After finding the line that holds "Located in a" below, set down that line and the rest through the final one exactly, leaving the pictures out.

◆ **Information provided**:
^^^^

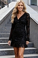 Αναδείξτε τη λάμψη σας με αυτό το μακρυμάνικο mini φόρεμα σε μαύρο χρώμα, διακοσμημένο με εντυπωσιακές παγιέτες και διαφάνειες.
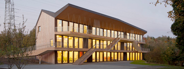 Located in a green belt of Lausanne’s western metropolitan area, the school building of Bois-Genoud integrates the Rudolf Steiner pavilion campus.
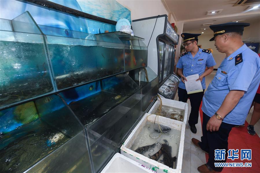 6月17日,市場監(jiān)管執(zhí)法人員在東林鎮(zhèn)一家農(nóng)家樂內(nèi)開展專項(xiàng)執(zhí)法行動,檢查是否存在非法經(jīng)營和加工野生動物的情況。新華社記者 徐昱 攝

^^^^

◆ **Your solution**:
 Located in a green belt of Lausanne’s western metropolitan area, the school building of Bois-Genoud integrates the Rudolf Steiner pavilion campus.
 6月17日,市場監(jiān)管執(zhí)法人員在東林鎮(zhèn)一家農(nóng)家樂內(nèi)開展專項(xiàng)執(zhí)法行動,檢查是否存在非法經(jīng)營和加工野生動物的情況。新華社記者 徐昱 攝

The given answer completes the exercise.